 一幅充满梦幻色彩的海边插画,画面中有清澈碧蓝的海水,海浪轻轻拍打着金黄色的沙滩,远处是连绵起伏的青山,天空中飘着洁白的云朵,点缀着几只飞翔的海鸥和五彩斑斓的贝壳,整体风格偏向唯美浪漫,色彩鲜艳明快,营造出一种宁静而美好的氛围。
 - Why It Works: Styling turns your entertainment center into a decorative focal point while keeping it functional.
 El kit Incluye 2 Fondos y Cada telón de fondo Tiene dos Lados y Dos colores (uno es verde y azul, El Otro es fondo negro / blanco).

--

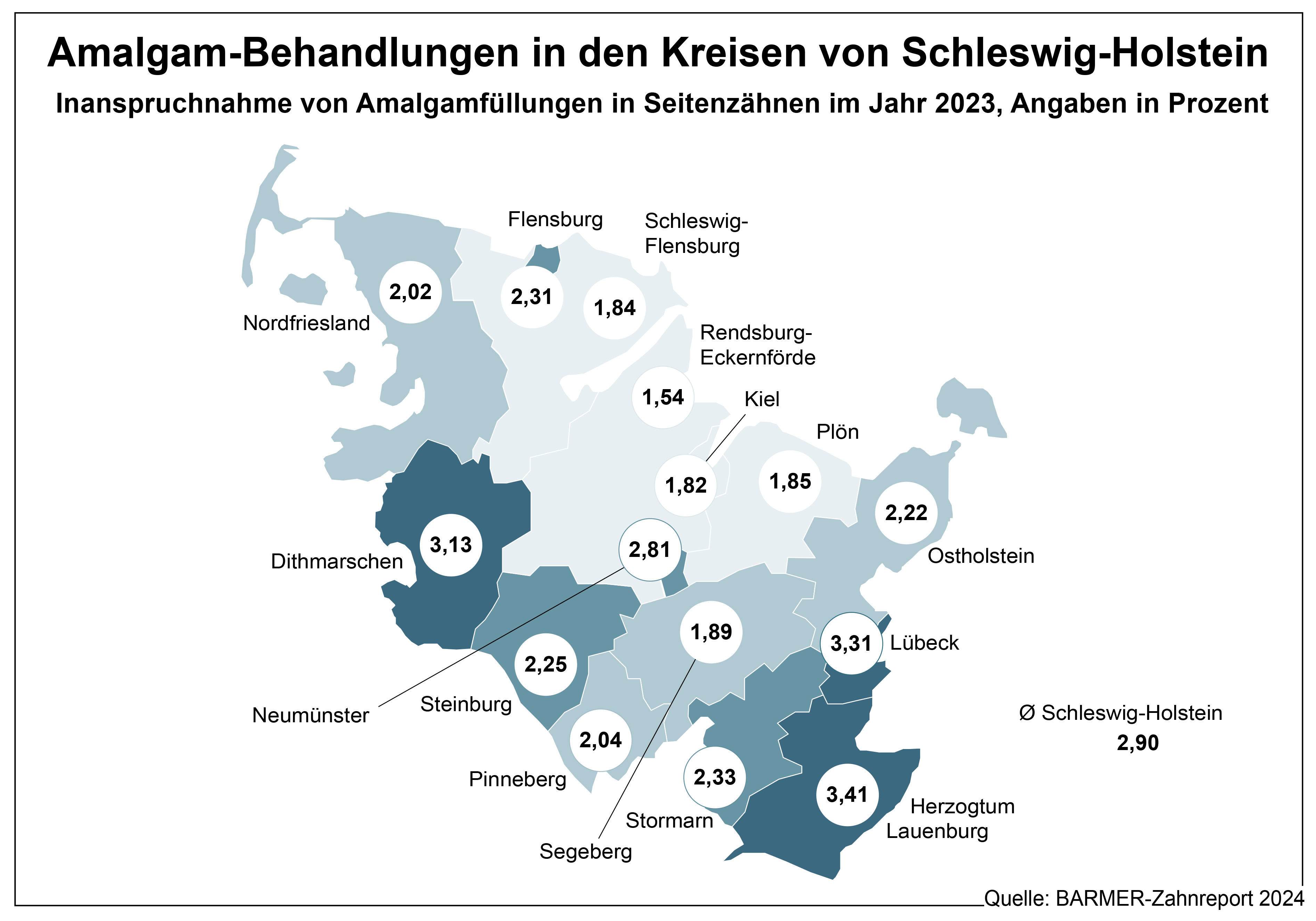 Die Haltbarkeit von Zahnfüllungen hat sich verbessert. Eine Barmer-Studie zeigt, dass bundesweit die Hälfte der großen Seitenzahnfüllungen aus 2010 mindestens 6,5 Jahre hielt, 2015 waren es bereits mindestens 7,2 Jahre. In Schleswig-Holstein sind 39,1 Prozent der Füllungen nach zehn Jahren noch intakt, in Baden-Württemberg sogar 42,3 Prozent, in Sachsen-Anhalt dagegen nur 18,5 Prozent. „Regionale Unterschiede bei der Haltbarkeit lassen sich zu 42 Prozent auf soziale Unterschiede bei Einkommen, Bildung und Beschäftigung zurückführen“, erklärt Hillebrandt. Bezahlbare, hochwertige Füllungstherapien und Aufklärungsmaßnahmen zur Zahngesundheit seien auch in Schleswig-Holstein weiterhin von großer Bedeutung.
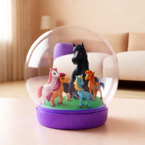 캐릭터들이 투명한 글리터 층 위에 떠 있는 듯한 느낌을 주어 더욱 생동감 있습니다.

==

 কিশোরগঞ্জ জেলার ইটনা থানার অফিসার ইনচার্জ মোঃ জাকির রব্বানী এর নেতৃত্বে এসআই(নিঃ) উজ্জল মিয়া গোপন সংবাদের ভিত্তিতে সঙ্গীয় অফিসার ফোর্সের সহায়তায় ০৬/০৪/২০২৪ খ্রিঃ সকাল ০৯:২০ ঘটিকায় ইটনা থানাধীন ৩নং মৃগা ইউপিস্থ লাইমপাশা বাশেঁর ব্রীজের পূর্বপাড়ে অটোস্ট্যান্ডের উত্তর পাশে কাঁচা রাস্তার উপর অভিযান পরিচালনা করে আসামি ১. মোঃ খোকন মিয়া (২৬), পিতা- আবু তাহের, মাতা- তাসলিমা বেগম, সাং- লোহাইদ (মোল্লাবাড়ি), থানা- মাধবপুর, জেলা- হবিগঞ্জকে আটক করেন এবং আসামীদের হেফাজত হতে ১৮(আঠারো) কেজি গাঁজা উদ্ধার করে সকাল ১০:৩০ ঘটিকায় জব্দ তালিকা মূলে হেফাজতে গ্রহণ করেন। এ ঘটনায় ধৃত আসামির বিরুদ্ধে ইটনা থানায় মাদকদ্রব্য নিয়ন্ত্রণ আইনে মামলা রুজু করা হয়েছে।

WHAT YOU ARE ASKED TO DO: Skipping the pictures, print the lines in the listing above exactly as written, starting at the line with "Die Haltbarkeit von" and ending at the line with "캐릭터들이 투명한 글리터", both included.

EXPECTED OUTPUT:
 Die Haltbarkeit von Zahnfüllungen hat sich verbessert. Eine Barmer-Studie zeigt, dass bundesweit die Hälfte der großen Seitenzahnfüllungen aus 2010 mindestens 6,5 Jahre hielt, 2015 waren es bereits mindestens 7,2 Jahre. In Schleswig-Holstein sind 39,1 Prozent der Füllungen nach zehn Jahren noch intakt, in Baden-Württemberg sogar 42,3 Prozent, in Sachsen-Anhalt dagegen nur 18,5 Prozent. „Regionale Unterschiede bei der Haltbarkeit lassen sich zu 42 Prozent auf soziale Unterschiede bei Einkommen, Bildung und Beschäftigung zurückführen“, erklärt Hillebrandt. Bezahlbare, hochwertige Füllungstherapien und Aufklärungsmaßnahmen zur Zahngesundheit seien auch in Schleswig-Holstein weiterhin von großer Bedeutung.
 캐릭터들이 투명한 글리터 층 위에 떠 있는 듯한 느낌을 주어 더욱 생동감 있습니다.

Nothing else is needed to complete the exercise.